Cloning, expression, purification, and immunoblotting analysis of recombinant type III fibronectin domains of human oncostatin M receptor.

BACKGROUND

The human oncostatin M receptor subunit , commonly known as the oncostatin M receptor (OSMR), is a cell surface protein and belongs to the family of type I cytokine receptors. It is highly expressed in several cancers and is a potential therapeutic target. Structurally, OSMR consists of three major domains: the extracellular, transmembrane, and cytoplasmic domains. The extracellular domain further comprises four Type III fibronectin subdomains. The functional relevance of these type III fibronectin domains is not known yet, and it is of great interest to us to understand their role in OSMR-mediated interactions with other oncogenic proteins.

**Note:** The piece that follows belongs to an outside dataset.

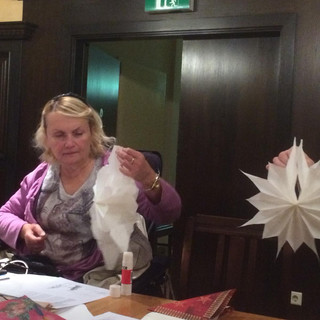 Ein beliebter Termin in unserem Jahreskalender, wenn auch in diesem Jahr etwas turbulent in der Vorbereitung und Organisation. Die Rückmeldung zur Teilnahme kamen schleppend. Am Ende waren wir dennoch fast zwwanzig Personen. Ulrike hat wieder einiges vorbereitet, so die aus Brottüten gebastelten Sterne, die ruckzuck fertig waren und bei jedem Gefallen fanden.

METHODS & RESULTS: The four type III fibronectin domains of hOSMR were amplified by PCR using the pUNO1-hOSMR construct as a template. The molecular size of the amplified products was confirmed by agarose gel electrophoresis. The amplicons were then cloned into a pGEX4T3 vector containing GST as an N-terminal tag. Positive clones with domain inserts were identified by restriction digestion and overexpressed in E. coli Rosetta (DE3) cells. The optimum conditions for overexpression were found to be 1 mM IPTG and an incubation temperature of 37 °C. The overexpression of the fibronectin domains was confirmed by SDS-PAGE, and they are affinity purified by using glutathione agarose beads in three repetitive steps. The purity of the isolated domains analyzed by SDS-PAGE and western blotting showed that they were exactly at their corresponding molecular weights as a single distinct band.

CONCLUSION

In this study, we have successfully cloned, expressed, and purified four Type III fibronectin subdomains of hOSMR.